Vasco: the secrets of "Okay, that's okay", 40 years later

Vasco: the secrets of “Okay, that’s okay”, 40 years later

“Okay, okay like this” is a cult object for Vasco Rossi fans. Originally released on April 3, 1984it was the first live album by the rocker from Zoccarecorded on the occasion of the tour which in fact marked the beginning of that intense relationship with his audience which still today, four decades later, continues to make the Komandante’s concerts true secular masses where the commonality between him who stands above the stage and his tribe becomes total. Recorded during the last three dates of the “Bubbles tour 1983“, between the Teatro Tenda in Bologna (“Finally Bologna”, shouts Vasco at the beginning of the live version of “I want to go to the sea”, among the first examples of Italian reggae: two years earlier Loredana Bertè had become a hit with her “E the moon knocked”), the Cantù Palasport and the Verona 2000 disco,

“Okay, that’s okay” he recorded on tape the sensations and emotions one felt at the rocker’s concertsat the height of success after the consecration achieved a few months earlier at the Sanremo Festival with “Vita spericolata”, the generational manifesto with which he upset the canons of Italian music and quickly became a legend. But what fans have heard to date has, in reality, only been a partial documentation of those incredible weeks.

On the occasion of the fortieth anniversary of the release of the live album, “Okay, okay like this” returns to stores in the form of an exclusive collector’s box set containing both the remastered versions of the original 1984 album and ten never-before-released tracks. The recordings of “Let’s forget this city”, “Splendid day”, “I like it because”, “Our relationship”, “Asilo Republic”, “A song for you”, “Valium”, “What are you doing”, “I want to go to the sea ” and “Silvia”In fact, they had remained in a locked drawer until today. It was while reflecting on how to celebrate the anniversary that Vasco’s entourage, together with Carosello, the record label that released the 1984 album and which sent this new version to stores, decided to reveal a precious treasure that remained for so long hidden.

It was in unsuspecting times that it was revealed that much more material had been accumulated from the concerts of the 1983 tour than that included in the original version of “Okay, Okay Like This”. Guido Elmihistoric producer and right-hand man of Vasco, who passed away in 2017 a few weeks after the mega rally in Modena Park. “Given the material in our possession, we initially thought of making a double album, but then the idea was abandoned in favor of a more streamlined version.”, he recounted in the liner notes of the 2011 reissue.
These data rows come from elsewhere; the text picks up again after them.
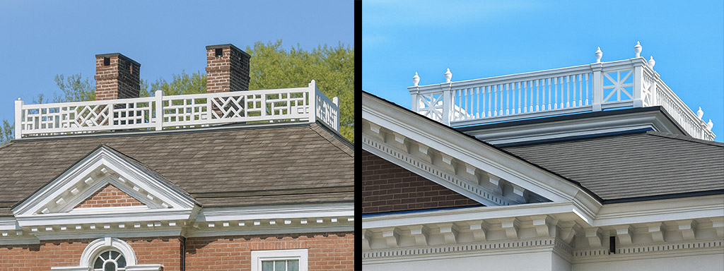 These elegant rooftop details—whether the classical railing of a Georgian house, a simple railing on a Craftsman house, or the decorative iron cresting of a Victorian mansion—add beauty, proportion, and distinction to the roofline.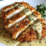 This Parmesan Crusted Chicken with Creamy Garlic Sauce is a deliciously crispy and savory dish featuring boneless chicken breasts coated in a flavorful Parmesan and breadcrumb crust, pan-fried to golden perfection, and served with a rich and silky garlic cream sauce. Perfect for a comforting weeknight dinner or special occasion.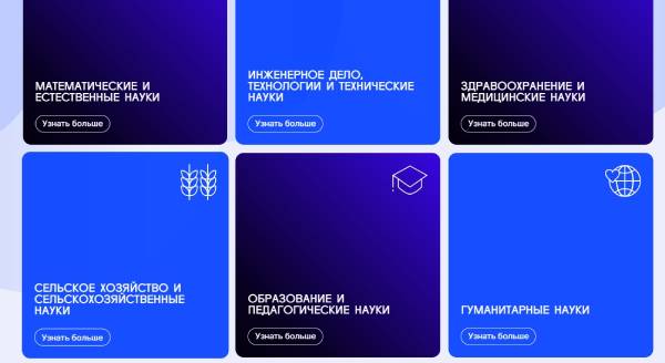 На сайте все научные специальности разделены на восемь областей знаний: «Математические и естественные науки», «Инженерное дело, технологии и технические науки», «Здравоохранение и медицинские науки», «Сельское хозяйство и сельскохозяйственные науки», «Образование и педагогические науки», «Гуманитарные науки», «Науки об обществе» и «Искусство и культура».

In trying to dust off those recordings from the original multitrack tapes, Vasco and Carosello’s entourage decided to entrust their recovery to the same sound engineer who recorded and co-produced the album in 1984. .Maurizio Biancaniwho has been alongside Rossi for some time, says: “I used the 192 khz / 24 bit digital files obtained from the Analog Master which had been recorded with the Manor Mobile Studio and mixed by myself in the Fonoprint Studio in via Coltelli in 1984. But on At the request of Vasco and the Carosello record company I also mixed ten other songs from the same concert, starting from the 24-track analogue tape. We have thus practically completed the complete lineup of the 1983 show”.

Listening to the full album delivers a unique experience with a nostalgic flavour. Vasco was in a state of grace. And so his musicians, Massimo Riva and Maurizio Solieri on guitars, Roberto Casini on drums, Mimmo Camporeale on keyboards and Andrea Righi on bass. The latter in 1984, the year of the release of the live, will give way to Claudio Golinellidestined to be the beating heart of the Zocca rocker’s band for almost forty years.

You can almost see him, Vasco, babbling something about “What do you do”. Just as it seems to see his audience while at the beginning of “Silvia” they sing a chorus – “Aleee-oooo” – which is in all respects a preview of the scenes that would soon characterize the rocker’s great gatherings, starting from that concert at the San Siro stadium in Milan which in 1990 would have represented a watershed in the rock star’s career. Biancani explains: “.From the tracks emerged a dirty, aggressive, almost punk sound at certain moments, revealing a gritty and rocker Vasco more than ever. Some pieces, such as ‘Forget us this city’, which opened the concert, or ‘Asilo Republic’, are literally shouted to the audience and even a sweet song like ‘Silvia’ has an aggressive rock dimension like never before on the stage of those concerts. A Vasco to be rediscovered and which, I am convinced, will amaze many listeners, as happened to me first.” “In those days I went straight and determined on my way and there was nothing and no one that could stop me or prevent me from achieving the goal I had set for myself: becoming number one, the first Italian rock star”, Vasco would recall years later.